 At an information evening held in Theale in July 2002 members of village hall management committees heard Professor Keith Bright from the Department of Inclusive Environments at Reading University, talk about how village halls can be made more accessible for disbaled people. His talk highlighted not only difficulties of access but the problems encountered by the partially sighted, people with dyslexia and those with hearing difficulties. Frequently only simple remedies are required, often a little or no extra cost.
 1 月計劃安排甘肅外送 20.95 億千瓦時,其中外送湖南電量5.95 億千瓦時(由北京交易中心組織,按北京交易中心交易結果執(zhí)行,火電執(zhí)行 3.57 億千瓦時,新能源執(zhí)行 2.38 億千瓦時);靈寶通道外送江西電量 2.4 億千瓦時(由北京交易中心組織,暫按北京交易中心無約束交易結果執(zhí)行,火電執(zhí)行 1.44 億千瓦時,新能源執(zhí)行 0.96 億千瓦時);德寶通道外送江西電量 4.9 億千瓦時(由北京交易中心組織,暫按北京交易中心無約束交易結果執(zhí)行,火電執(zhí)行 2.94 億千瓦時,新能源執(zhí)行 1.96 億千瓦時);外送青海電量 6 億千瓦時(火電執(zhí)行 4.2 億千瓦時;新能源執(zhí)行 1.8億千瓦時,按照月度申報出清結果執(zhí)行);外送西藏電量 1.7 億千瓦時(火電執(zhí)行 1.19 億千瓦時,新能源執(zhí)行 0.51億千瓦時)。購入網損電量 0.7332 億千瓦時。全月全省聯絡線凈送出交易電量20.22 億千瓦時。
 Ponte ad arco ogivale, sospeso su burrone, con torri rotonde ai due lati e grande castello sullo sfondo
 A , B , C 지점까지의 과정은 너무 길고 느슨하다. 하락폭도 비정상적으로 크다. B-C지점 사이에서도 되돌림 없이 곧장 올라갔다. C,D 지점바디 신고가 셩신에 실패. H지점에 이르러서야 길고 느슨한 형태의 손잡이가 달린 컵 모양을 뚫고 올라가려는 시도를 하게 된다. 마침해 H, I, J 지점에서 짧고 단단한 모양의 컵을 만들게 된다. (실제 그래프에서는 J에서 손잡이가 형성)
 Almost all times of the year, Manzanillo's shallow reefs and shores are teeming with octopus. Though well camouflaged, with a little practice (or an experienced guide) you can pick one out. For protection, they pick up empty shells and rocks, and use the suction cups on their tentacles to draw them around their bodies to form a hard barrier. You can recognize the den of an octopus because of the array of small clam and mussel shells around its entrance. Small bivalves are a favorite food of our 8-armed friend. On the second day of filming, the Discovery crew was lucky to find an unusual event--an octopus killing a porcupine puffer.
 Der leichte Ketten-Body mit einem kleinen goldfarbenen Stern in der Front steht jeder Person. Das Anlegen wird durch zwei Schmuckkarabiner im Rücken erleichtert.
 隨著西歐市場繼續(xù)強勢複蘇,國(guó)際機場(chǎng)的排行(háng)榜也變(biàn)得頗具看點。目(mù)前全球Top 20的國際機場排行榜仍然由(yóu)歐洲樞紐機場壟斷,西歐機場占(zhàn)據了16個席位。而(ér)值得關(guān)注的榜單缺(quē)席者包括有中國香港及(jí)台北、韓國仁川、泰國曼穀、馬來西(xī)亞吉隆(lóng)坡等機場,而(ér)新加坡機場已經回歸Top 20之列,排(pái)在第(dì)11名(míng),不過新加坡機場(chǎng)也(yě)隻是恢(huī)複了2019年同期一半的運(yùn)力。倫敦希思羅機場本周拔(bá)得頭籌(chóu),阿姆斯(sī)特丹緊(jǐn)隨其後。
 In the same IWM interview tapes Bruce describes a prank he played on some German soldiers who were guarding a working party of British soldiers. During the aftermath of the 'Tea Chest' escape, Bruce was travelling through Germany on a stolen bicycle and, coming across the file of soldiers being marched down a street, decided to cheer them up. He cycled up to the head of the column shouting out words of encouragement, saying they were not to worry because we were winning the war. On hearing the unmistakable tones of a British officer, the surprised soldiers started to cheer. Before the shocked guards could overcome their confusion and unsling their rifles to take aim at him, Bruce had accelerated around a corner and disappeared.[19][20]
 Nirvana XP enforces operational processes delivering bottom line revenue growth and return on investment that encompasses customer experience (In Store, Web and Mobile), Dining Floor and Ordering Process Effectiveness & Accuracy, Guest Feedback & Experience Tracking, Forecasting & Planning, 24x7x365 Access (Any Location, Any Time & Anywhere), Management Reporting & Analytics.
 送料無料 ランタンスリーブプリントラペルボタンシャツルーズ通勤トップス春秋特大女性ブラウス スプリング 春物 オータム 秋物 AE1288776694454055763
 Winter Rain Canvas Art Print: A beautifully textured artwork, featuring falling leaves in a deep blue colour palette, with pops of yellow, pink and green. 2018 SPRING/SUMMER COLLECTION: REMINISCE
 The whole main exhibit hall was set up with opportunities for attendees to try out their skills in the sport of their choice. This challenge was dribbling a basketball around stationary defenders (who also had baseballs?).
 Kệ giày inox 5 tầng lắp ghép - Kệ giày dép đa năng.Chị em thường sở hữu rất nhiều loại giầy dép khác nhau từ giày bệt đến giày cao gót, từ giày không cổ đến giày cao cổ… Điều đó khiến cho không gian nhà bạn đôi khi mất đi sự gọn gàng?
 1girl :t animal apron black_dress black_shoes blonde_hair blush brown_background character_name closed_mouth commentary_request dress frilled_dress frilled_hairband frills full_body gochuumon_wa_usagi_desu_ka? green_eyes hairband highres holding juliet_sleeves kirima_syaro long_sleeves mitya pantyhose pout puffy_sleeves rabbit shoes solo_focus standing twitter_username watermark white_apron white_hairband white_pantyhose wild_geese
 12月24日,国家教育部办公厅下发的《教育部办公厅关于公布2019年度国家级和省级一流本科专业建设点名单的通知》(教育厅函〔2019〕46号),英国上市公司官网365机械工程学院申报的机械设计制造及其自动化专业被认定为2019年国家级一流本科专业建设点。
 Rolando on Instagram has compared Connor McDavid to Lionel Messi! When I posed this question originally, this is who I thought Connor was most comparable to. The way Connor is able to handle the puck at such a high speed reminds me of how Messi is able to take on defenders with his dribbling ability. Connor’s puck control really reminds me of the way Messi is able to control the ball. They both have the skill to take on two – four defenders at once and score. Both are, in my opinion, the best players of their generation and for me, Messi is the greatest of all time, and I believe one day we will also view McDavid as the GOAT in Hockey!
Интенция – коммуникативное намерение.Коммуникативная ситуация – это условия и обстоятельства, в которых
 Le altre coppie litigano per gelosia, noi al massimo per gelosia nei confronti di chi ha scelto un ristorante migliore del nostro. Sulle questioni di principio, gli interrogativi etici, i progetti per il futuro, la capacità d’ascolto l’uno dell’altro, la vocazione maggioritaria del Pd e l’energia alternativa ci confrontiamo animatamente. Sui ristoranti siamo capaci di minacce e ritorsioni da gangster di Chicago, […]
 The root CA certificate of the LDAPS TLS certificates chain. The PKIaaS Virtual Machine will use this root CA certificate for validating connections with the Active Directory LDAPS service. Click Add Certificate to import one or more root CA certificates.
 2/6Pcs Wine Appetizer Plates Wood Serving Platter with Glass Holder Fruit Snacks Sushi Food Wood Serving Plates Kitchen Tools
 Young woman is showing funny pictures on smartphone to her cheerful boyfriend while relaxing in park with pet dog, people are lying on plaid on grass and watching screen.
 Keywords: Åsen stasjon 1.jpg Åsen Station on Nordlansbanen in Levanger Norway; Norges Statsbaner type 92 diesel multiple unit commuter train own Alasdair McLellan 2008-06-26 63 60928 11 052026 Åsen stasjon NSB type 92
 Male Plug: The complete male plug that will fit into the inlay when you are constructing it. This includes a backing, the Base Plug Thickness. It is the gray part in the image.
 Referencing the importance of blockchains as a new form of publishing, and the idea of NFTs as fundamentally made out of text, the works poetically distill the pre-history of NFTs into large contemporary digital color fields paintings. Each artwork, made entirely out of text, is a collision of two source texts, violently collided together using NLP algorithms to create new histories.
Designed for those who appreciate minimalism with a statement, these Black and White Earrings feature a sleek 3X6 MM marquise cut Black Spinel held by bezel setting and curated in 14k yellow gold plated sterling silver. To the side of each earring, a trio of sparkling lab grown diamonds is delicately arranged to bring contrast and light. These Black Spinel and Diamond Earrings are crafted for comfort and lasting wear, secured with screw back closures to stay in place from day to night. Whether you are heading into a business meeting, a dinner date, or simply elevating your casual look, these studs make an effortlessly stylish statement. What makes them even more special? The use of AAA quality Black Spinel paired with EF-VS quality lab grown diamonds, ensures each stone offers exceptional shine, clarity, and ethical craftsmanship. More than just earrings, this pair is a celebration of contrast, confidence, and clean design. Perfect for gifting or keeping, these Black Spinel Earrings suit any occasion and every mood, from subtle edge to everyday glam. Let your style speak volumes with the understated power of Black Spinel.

**What is expected**.
The reply should hold only the lines of the listing above starting at the line containing "Le altre coppie" and ending at the line containing "Referencing the importance", exactly as written.

**The answer**.
 Le altre coppie litigano per gelosia, noi al massimo per gelosia nei confronti di chi ha scelto un ristorante migliore del nostro. Sulle questioni di principio, gli interrogativi etici, i progetti per il futuro, la capacità d’ascolto l’uno dell’altro, la vocazione maggioritaria del Pd e l’energia alternativa ci confrontiamo animatamente. Sui ristoranti siamo capaci di minacce e ritorsioni da gangster di Chicago, […]
 The root CA certificate of the LDAPS TLS certificates chain. The PKIaaS Virtual Machine will use this root CA certificate for validating connections with the Active Directory LDAPS service. Click Add Certificate to import one or more root CA certificates.
 2/6Pcs Wine Appetizer Plates Wood Serving Platter with Glass Holder Fruit Snacks Sushi Food Wood Serving Plates Kitchen Tools
 Young woman is showing funny pictures on smartphone to her cheerful boyfriend while relaxing in park with pet dog, people are lying on plaid on grass and watching screen.
 Keywords: Åsen stasjon 1.jpg Åsen Station on Nordlansbanen in Levanger Norway; Norges Statsbaner type 92 diesel multiple unit commuter train own Alasdair McLellan 2008-06-26 63 60928 11 052026 Åsen stasjon NSB type 92
 Male Plug: The complete male plug that will fit into the inlay when you are constructing it. This includes a backing, the Base Plug Thickness. It is the gray part in the image.
 Referencing the importance of blockchains as a new form of publishing, and the idea of NFTs as fundamentally made out of text, the works poetically distill the pre-history of NFTs into large contemporary digital color fields paintings. Each artwork, made entirely out of text, is a collision of two source texts, violently collided together using NLP algorithms to create new histories.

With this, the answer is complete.